Accuracy for predicting incomplete passes using Decision Trees: 0.6720319090423775


#### Ensembles

In [None]:
def Random_Forests_Football(features, labels):
    
    #Create the Random Forest Classifier
    random_forest_classifier = RandomForestClassifier()
    forest_parameters = {'max_depth': [5, 10, 15, 20, 25], 
                         'min_samples_leaf': [5, 10, 15, 20], 
                         'max_features': ['sqrt', 'log2']}
    
    #Tune model with best parameters using GridSearch
    forest_grid_search = GridSearchCV(random_forest_classifier, param_grid = forest_parameters, cv = 5, scoring = 'accuracy')
    forest_grid_search = forest_grid_search.fit(features, labels)
    best_params = forest_grid_search.best_params_

    #Pass GridSearchCV into cross_val_score
    final_report = cross_val_score(forest_grid_search, features, labels, cv = 10)
    avg_accuracy = final_report.mean()

    return [best_params, final_report, avg_accuracy]

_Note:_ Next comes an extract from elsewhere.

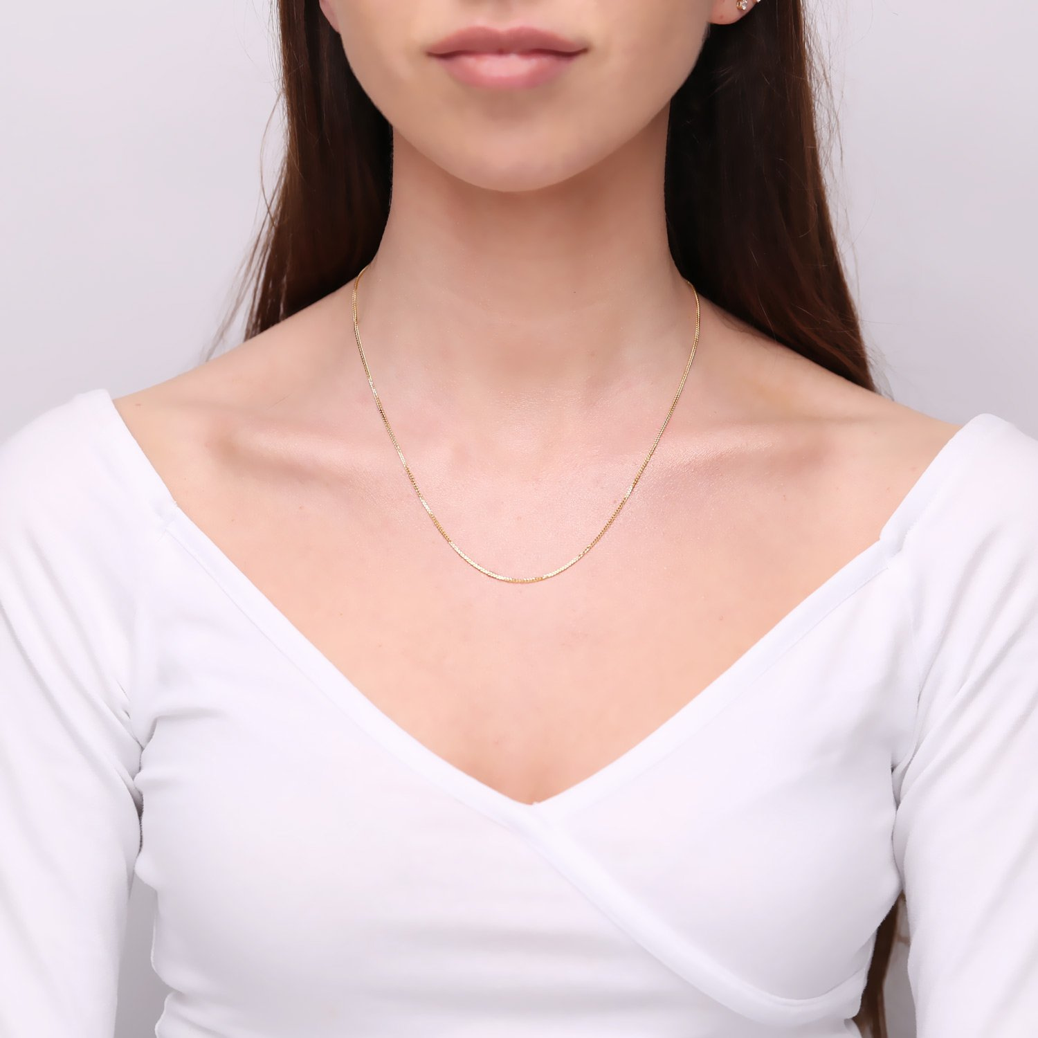 - Goldkette, handgefertigt aus 585er Gelbgold (14 Karat). Der Fuchsschwanz ist ein typisch damenhaftes Gewebe, das am Dekolleté schön schimmert.

def Ada_Boost_Football(features, labels):
    
    #Create the ADA Boost Classifier
    ada_boost_classifier = AdaBoostClassifier()
    ada_parameters = {'n_estimators': list(range(50, 151, 25))}
    
    #Tune model with best parameters using GridSearch
    ada_grid_search = GridSearchCV(ada_boost_classifier, param_grid = ada_parameters, cv = 5, scoring = 'accuracy')
    ada_grid_search = ada_grid_search.fit(features, labels)
    best_params = ada_grid_search.best_params_

    #Pass GridSearchCV into cross_val_score
    final_report = cross_val_score(ada_grid_search, features, labels, cv = 10)
    avg_accuracy = final_report.mean()
    
    return [best_params, final_report, avg_accuracy]

In [None]:
#Random Forests and ADA Boost for Touchdowns

#Call Random Forests method
TD_vals_RF = Random_Forests_Football(features_TD, labels_TD)
TD_RF_best_params = TD_vals_RF[0]
TD_RF_accuracy = TD_vals_RF[2]

#Call ADA Boost method
TD_vals_AB = Ada_Boost_Football(features_TD, labels_TD)
TD_AB_best_params = TD_vals_AB[0]
TD_AB_accuracy = TD_vals_AB[2]

print('Accuracy for predicting touchdowns using Random Forests: ' + str(TD_RF_accuracy))
print('Accuracy for predicting touchdowns using ADA Boost: ' + str(TD_AB_accuracy))

In [None]:
#Random Forests and ADA Boost for Interceptions

#Call Random Forests method
Int_vals_RF = Random_Forests_Football(features_Int, labels_Int)
Int_RF_best_params = Int_vals_RF[0]
Int_RF_accuracy = Int_vals_RF[2]

#Call ADA Boost method
Int_vals_AB = Ada_Boost_Football(features_Int, labels_Int)
Int_AB_best_params = Int_vals_AB[0]
Int_AB_accuracy = Int_vals_AB[2]

print('Accuracy for predicting interceptions using Random Forests: ' + str(Int_RF_accuracy))
print('Accuracy for predicting interceptions using ADA Boost: ' + str(Int_AB_accuracy))

In [None]:
#Random Forests and ADA Boost for Fumbles

#Call Random Forests method
Fum_vals_RF = Random_Forests_Football(features_Fum, labels_Fum)
Fum_RF_best_params = Fum_vals_RF[0]
Fum_RF_accuracy = Fum_vals_RF[2]

#Call ADA Boost method
Fum_vals_AB = Ada_Boost_Football(features_Fum, labels_Fum)
Fum_AB_best_params = Fum_vals_AB[0]
Fum_AB_accuracy = Fum_vals_AB[2]

print('Accuracy for predicting fumbles using Random Forests: ' + str(Fum_RF_accuracy))
print('Accuracy for predicting fumbles using ADA Boost: ' + str(Fum_AB_accuracy))

In [None]:
#Random Forests and ADA Boost for Incomplete Passes

#Call Random Forests method
IC_vals_RF = Random_Forests_Football(features_IC, labels_IC)
IC_RF_best_params = IC_vals_RF[0]
IC_RF_accuracy = IC_vals_RF[2]

#Call ADA Boost method
IC_vals_AB = Ada_Boost_Football(features_IC, labels_IC)
IC_AB_best_params = IC_vals_AB[0]
IC_AB_accuracy = IC_vals_AB[2]

print('Accuracy for predicting incomplete passes using Random Forests: ' + str(IC_RF_accuracy))
print('Accuracy for predicting incomplete passes using ADA Boost: ' + str(IC_AB_accuracy))

## Model Analysis

In [None]:
#Compare accuracy scores and other metrics for our different models.
#How confident are we in the success rates of these various models?

In [None]:
#Discuss which model was the best.

In [None]:
#Discuss data. What issues may have existed in the data?  What assumptions did we make? What could have made our data better?

In [None]:
#Discuss our project as a whole. How could we have improved project? How might this model be used in real world applications?